In the honey bee brain, Kr-h1 is upregulated during the behavioral shift from nursing to foraging when there is increased neurite branching in the brain. To directly examine the hypothesis that altered Kr-h1 expression might regulate morphological complexity of neurites, this research work involved the MARCM (mosaic analysis with a repressible cell marker) and TARGET (temporal and regional gene expression targeting) techniques to analyze the roles of Kr-h1 in Drosophila neuronal morphogenesis. Interestingly, increased expression of Kr-h1 blocked the axon branching and further disrupted the lobe formation in the mushroom body whereas the loss-of-Kr-h1 did not show any apparent neuronal morphogenetic defects.
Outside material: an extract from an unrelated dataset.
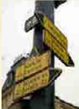
שלט על העיר קארלין, העיר בה התגדל רבנו בילדותו

מתוך ספר התולדות לרבינו הנמצא בהכנה על ידי מכונינו. ומכאן קריאת קודש לכל שוחרי תורת רבינו סייעו בעידו לעשות את עבודת הקודש בשלימות ועזרו לנו בליקוט תורתיו הנהוגות אגרותיו ותולדותיו בקודש של רבינו הגדול מפראהבישט ז"ע ועכ"א.

In addition, it was observed that Kr-h1 was expressed when MB (mushroom body) did not undergo active morphogenesis, suggesting its potential anti-morphogenetic activity. Indeed, loss of Kr-h1 (Kruppel homolog 1) enhanced the neuronal morphogenesis that was otherwise delayed due to the defective TGF-beta signaling. Furthermore, Kr-h1 expression was closely linked to ecdysone dependent signaling: Kr-h1 was first regulated by usp (ultraspiracle), which dimerized with various ecdysone receptors and then Kr-h1 expression was essential for proper ecdysone patterning in the larval CNS (central nervous system). Together, though Kr-h1could potentially regulate the neurite complexity, it seems primarily involved in the coordinating ecdysone signaling.
In conclusion, the powerful genetic toolkit available in the Drosophila has allowed the investigation in the molecular mechanisms of neuronal morphogenesis and understanding of these mechanisms will enhance our understanding of how the complex nervous system is wired to perform the delicate behaviors.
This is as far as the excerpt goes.